When the Social Security Administration announced an 8.7% cost-of-living (COLA) adjustment for 2023 in mid-October, many seniors could finally breathe a sigh of relief. For months, seniors (and younger consumers, too) have been succumbing to the weight of inflation. And when we look at how well the 2022 COLA held up, it’s easy to see why retirees are struggling.
At the beginning of 2022, seniors on social assistance benefits saw their benefit increase by 5.9%. At the time, that seemed like a generous raise. But this year’s inflation rate has far surpassed that 5.9% increase, putting Social Security recipients at a serious disadvantage.
In a recent Motley Fool survey, 85% of retired Americans say they have definitely felt the impact of inflation and that the higher cost of living has been an issue. Only 3% of retirees say they haven’t really noticed a big increase in the cost of living.
Given the number of seniors struggling financially due to inflation, the hope is that next year’s COLA will help them regain some purchasing power. But that will really only happen if inflation moves in one direction – downwards.
Continued inflation could render next year’s COLA useless
In October, the consumer price index registered a lower annual increase in inflation than in September. So that is already considered a positive sign.
But that doesn’t guarantee inflation will cool in 2023. For all we know, the cost of living could rise even more in the new year, putting seniors who derive most of their income from Social Security in a very difficult position.

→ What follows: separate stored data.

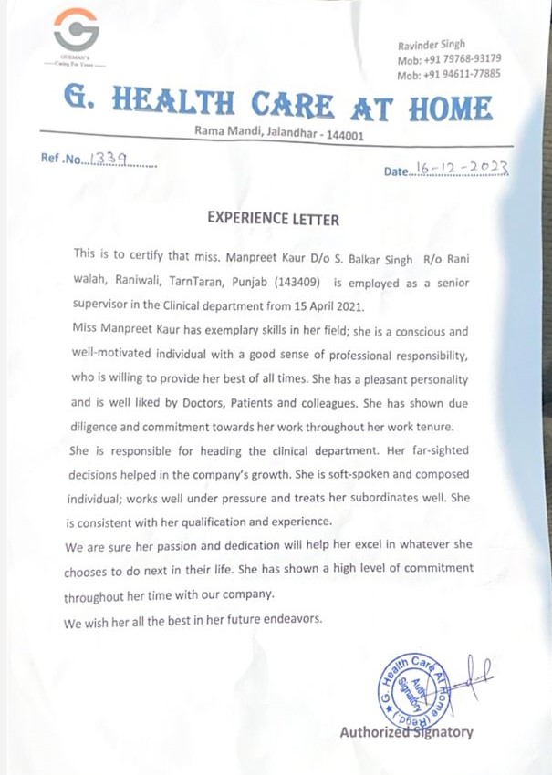 Worked at G. health care at home as a Senior Supervisor for 2 Year 8 Month starting Apr-2021 till Dec-2023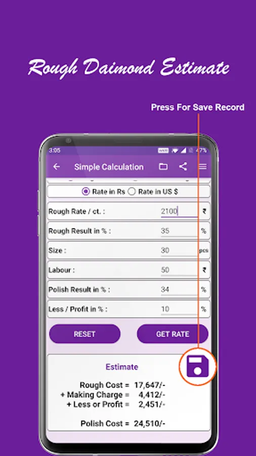 - You can Save Estimate Record.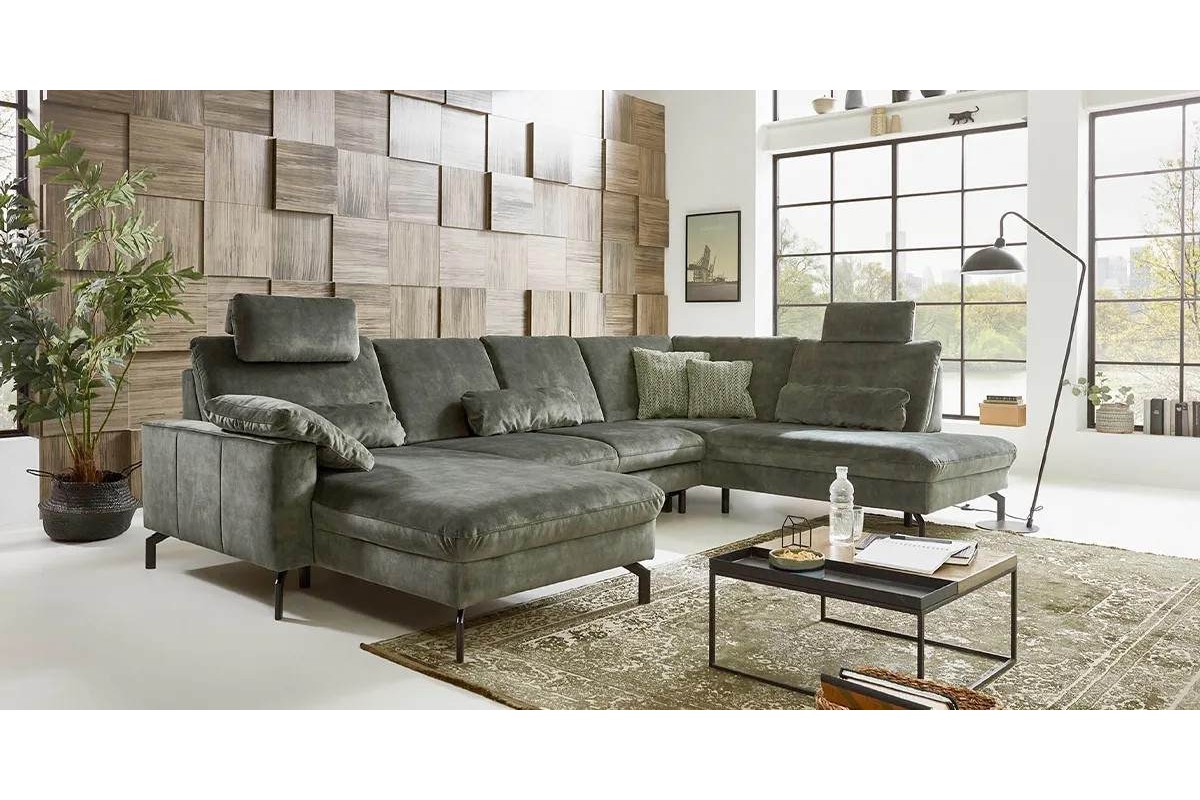 П-образный диван Family рогожка серый 337х89х220 дерево артикул 10435587

The good news now is that the Federal Reserve is clearly determined to slow the rate of inflation. It has been aggressively raising interest rates for months in an effort to discourage heavy consumer spending – and narrow the supply-demand gap that has driven inflation up.
But it’s hard to know how successful the Fed will be. Many Americans are still sitting on leftover cash due to generous stimulus policies legislators enacted during the pandemic. And so it’s hard to predict whether higher borrowing rates will cause a notable pullback in spending or not. And as such, it’s also hard to say whether the Social Security COLA for 2023 will ultimately become the financial lifeline seniors want it to be.
All of this really underscores the importance of an income outside of Social Security during retirement. Seniors who have savings to tap into or investments to pay out are undoubtedly in a stronger financial position today than those who rely largely on Social Security to stay afloat.
Of course, it’s a little late for current retirees to go back in time and start building savings. But those still in work should take note of the financial stress seniors have had this year — and use that as motivation to increase their IRA or 401(k) plan contributions to avoid a similar fate. when it’s their turn to retire.